Top of Input data

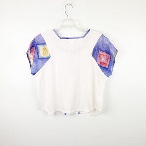 VINTAGE Lily's Retro White Printed Top Large Colorful 80s
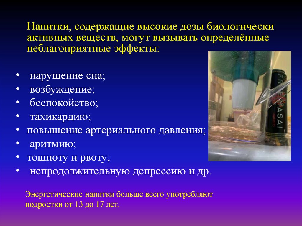 Напитки, содержащие высокие дозы биологическиактивных веществ, могут вызывать определённые
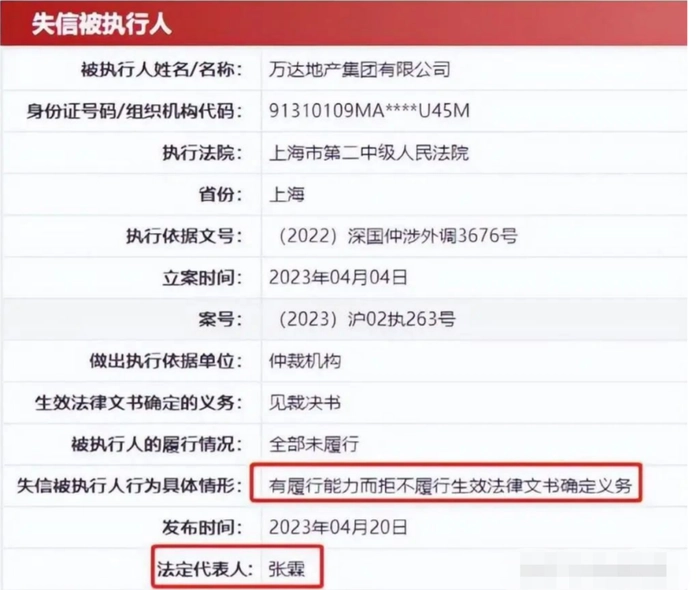 据了解,万达集团因未履行相关义务,公司被列为失信被执行人张霖被限制高消费。此次让万达地产成为“老赖”的地产项目位于广东河源,万达地产想要打造180万平方米中央文化生活区,此次成为被执行人,说明这个项目进展并不顺利。
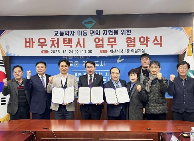 [경남도민뉴스=박만수 기자] 제천시는 지난 24일 교통약자의 이동권 보장과 이동 편의 증진을 위해 청풍호콜센터, ㈜티머니 모빌리티와 바우처택시 업무협약을 체결했다.
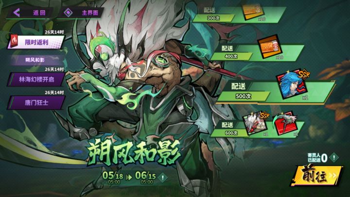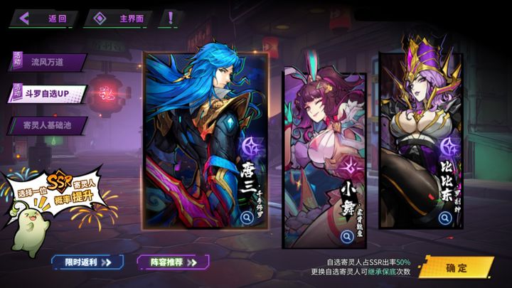 活动期间,镇魂将可选择SSR角色「唐三·千手修罗」「小舞·柔骨魅兔」「 比比东·罗刹神」中的一位提升配送获取概率。
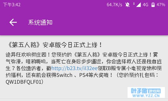 预约码就在通知里面哦 系统通知 《第五人格》安卓版今日正式上线! 诡异狂欢响彻庄园! 您预约的《第五人格》安卓版今日正式上线! 雾气弥漫, 暗鸦嘶鸣,当死亡在身后步步逼近,你会选择救人还是独自逃生? 各位造访者,戳http://b23.tv/il32ee领取B服专属小电视宠物和预约福利,还有机会获得Switch、PS4等大奖哦! (您的预约礼包码:QW1DBFQLF01 3.游戏中领取奖励

Bottom of Input data

The answer is the lines above from the one with "Напитки, содержащие высокие" to the one with "据了解,万达集团因未履行相关", set down exactly, with no pictures.

**Task answer**
 Напитки, содержащие высокие дозы биологическиактивных веществ, могут вызывать определённые
 据了解,万达集团因未履行相关义务,公司被列为失信被执行人张霖被限制高消费。此次让万达地产成为“老赖”的地产项目位于广东河源,万达地产想要打造180万平方米中央文化生活区,此次成为被执行人,说明这个项目进展并不顺利。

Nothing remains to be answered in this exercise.